It’s been 7 months since I started this blog so I thought I’d do a little update on my CFS/ME, it’s been quite a hectic 7 months to say the least, but I actually feel I’ve made quite a lot of headway with managing CFS/ME.
The main thing I’ve been able to adjust is my routine, 6 months ago I would struggle to get through the day without taking a 2 hour nap, obviously that was extremely inconvenient. Days where I wasn’t able to have a nap would usually result in a day or two in bed, I was so fed up of being so restricted. It took a while but I’ve managed to cut out napping, I still have extreme days where I’m pretty much bed bound which just comes with the territory. Cutting out those naps has honestly made such a difference, I’m not going to lie it takes a lot of organising of my days and judging how taxing an activity will be, but it’s made it so much easier to actually do things. Just to tackle uni work I made a whole timetable for a month and it has definitely made me a lot more productive.

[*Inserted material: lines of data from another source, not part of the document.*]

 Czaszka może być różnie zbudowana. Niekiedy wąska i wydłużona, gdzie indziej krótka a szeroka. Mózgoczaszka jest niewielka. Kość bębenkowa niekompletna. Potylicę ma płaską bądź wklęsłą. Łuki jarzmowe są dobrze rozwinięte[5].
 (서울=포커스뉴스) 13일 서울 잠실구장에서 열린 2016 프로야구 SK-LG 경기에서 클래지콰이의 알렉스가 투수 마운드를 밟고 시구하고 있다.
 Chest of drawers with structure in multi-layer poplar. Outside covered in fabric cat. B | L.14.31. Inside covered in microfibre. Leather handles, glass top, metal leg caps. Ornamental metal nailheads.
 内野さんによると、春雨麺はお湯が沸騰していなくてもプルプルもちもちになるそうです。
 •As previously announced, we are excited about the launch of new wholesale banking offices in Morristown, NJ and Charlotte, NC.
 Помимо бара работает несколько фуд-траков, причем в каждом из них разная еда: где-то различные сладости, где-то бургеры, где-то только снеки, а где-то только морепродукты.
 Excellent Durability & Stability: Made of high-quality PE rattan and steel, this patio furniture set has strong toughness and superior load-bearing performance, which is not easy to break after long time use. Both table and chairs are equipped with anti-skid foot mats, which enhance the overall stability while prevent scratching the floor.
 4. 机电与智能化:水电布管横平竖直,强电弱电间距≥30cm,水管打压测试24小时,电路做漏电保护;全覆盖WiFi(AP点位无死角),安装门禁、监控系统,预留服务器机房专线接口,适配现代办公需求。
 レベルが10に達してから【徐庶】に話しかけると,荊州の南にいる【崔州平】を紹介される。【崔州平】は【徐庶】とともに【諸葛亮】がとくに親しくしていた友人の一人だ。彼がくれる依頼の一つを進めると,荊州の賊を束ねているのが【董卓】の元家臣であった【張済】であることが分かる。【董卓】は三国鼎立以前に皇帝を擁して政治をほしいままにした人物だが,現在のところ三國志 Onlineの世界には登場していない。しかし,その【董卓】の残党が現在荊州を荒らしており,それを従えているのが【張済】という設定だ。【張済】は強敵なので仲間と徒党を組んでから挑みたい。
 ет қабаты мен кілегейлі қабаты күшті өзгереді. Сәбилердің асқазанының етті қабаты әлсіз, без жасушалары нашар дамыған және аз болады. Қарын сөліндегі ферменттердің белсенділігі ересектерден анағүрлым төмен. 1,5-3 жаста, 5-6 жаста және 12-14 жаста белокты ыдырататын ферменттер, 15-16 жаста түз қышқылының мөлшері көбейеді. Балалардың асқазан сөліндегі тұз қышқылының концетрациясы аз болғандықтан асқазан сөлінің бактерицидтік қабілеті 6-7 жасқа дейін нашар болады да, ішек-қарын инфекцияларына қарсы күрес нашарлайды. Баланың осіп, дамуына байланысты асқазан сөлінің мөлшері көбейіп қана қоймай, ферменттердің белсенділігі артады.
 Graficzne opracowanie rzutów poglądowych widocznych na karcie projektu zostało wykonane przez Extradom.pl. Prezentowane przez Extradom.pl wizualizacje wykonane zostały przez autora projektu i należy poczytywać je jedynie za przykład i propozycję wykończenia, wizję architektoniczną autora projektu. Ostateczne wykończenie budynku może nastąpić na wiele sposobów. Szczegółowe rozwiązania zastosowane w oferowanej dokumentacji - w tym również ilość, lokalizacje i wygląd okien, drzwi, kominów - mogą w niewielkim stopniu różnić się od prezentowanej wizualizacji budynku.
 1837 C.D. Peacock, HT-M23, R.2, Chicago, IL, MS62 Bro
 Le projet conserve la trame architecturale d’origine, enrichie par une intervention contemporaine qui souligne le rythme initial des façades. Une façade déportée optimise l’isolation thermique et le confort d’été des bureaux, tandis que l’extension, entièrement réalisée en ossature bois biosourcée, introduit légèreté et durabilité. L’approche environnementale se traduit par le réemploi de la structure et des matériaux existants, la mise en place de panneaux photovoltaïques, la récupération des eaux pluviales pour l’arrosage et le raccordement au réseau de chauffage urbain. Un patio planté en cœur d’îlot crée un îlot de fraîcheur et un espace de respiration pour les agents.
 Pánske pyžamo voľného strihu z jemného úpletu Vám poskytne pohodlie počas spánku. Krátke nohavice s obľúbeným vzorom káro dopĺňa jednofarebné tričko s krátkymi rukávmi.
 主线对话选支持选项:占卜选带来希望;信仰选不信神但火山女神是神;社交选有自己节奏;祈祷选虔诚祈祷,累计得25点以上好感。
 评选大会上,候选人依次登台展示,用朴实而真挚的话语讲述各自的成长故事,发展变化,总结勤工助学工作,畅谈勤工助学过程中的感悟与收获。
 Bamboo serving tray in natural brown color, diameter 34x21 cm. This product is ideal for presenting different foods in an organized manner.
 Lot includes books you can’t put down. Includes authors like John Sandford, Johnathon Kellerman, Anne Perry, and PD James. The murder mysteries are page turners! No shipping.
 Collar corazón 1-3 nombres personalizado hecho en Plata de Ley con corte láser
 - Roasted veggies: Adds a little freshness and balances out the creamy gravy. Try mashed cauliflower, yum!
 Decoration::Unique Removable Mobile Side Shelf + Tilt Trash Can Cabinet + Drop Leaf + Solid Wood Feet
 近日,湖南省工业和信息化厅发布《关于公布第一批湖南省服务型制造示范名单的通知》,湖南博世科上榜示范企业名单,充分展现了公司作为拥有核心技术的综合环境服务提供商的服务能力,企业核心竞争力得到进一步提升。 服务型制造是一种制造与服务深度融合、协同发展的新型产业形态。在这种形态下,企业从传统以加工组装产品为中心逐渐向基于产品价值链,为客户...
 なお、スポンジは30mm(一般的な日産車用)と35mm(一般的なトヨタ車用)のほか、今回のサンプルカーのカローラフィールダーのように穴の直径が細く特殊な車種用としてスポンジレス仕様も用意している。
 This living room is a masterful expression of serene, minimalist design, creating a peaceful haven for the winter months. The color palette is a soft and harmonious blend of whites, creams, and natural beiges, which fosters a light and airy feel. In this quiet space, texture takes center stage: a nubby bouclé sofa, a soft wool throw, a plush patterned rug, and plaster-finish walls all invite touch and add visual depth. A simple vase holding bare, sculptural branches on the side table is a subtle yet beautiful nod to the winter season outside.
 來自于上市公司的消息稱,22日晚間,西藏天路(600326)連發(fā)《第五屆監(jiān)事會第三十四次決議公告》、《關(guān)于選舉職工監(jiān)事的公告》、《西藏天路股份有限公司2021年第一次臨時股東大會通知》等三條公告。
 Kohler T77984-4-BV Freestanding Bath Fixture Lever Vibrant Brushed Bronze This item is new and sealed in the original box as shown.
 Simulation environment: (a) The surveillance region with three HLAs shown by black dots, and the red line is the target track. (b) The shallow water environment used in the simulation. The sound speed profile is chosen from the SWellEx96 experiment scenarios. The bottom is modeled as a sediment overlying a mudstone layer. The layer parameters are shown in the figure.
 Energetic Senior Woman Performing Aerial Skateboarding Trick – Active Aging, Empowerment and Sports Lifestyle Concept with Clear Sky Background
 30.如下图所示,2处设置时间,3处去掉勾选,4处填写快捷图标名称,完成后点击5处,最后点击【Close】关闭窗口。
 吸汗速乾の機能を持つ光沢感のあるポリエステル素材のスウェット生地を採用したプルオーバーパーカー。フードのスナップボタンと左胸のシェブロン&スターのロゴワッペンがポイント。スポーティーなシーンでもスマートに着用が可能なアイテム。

I think it’s made such a big difference living with Cal, don’t get me wrong I loved my years living in a student house and I really miss seeing everyone every day, but there’s no way I’d have been able to manage my illness being that independent. Since living with Cal simple tasks have got a lot easier, Cal can help me with cleaning, cooking and anything really. I know none of my housemates would have minded if I had asked for help, but it’s an issue of pride, no one wants to admit they can’t do simple daily jobs, whereas living with Cal a lot of the time I don’t even have to ask him.
That’s something that really hasn’t got easier, although I know I need to ask people to help me with things but I still find it hard and struggle not to get embarrassed. There’s been several occasions where I know it would have been a lot easier if I had just said I have a disability, for instance Cal and I were at a gig which we’d had planned for months but it was the day we came back from Berlin and I was SO fatigued. We ended up having to leave early as I was in so much pain from standing and I felt horrendously guilty for cal and upset we’d had to miss the end. Annoyingly, there were a couple sat on stools at the edge of the venue and a lot of the time they would stand up to watch, and if I had just had the confidence to say I needed to sit down then I probably could have made it through the rest of the gig.
I’ve really tried not to dwell on instances like that but it’s hard not to get frustrated with yourself. In terms of where I am with my illness, I feel I’ve come a long way physically, sadly I get a lot more joint pain than before, however I can see such an improvement from where I was 6 months ago. I know I still have a lot of work to accept and manage this illness emotionally, but I can see everything I have managed to overcome since being diagnosed and that’s what keeps me motivated to keep trying.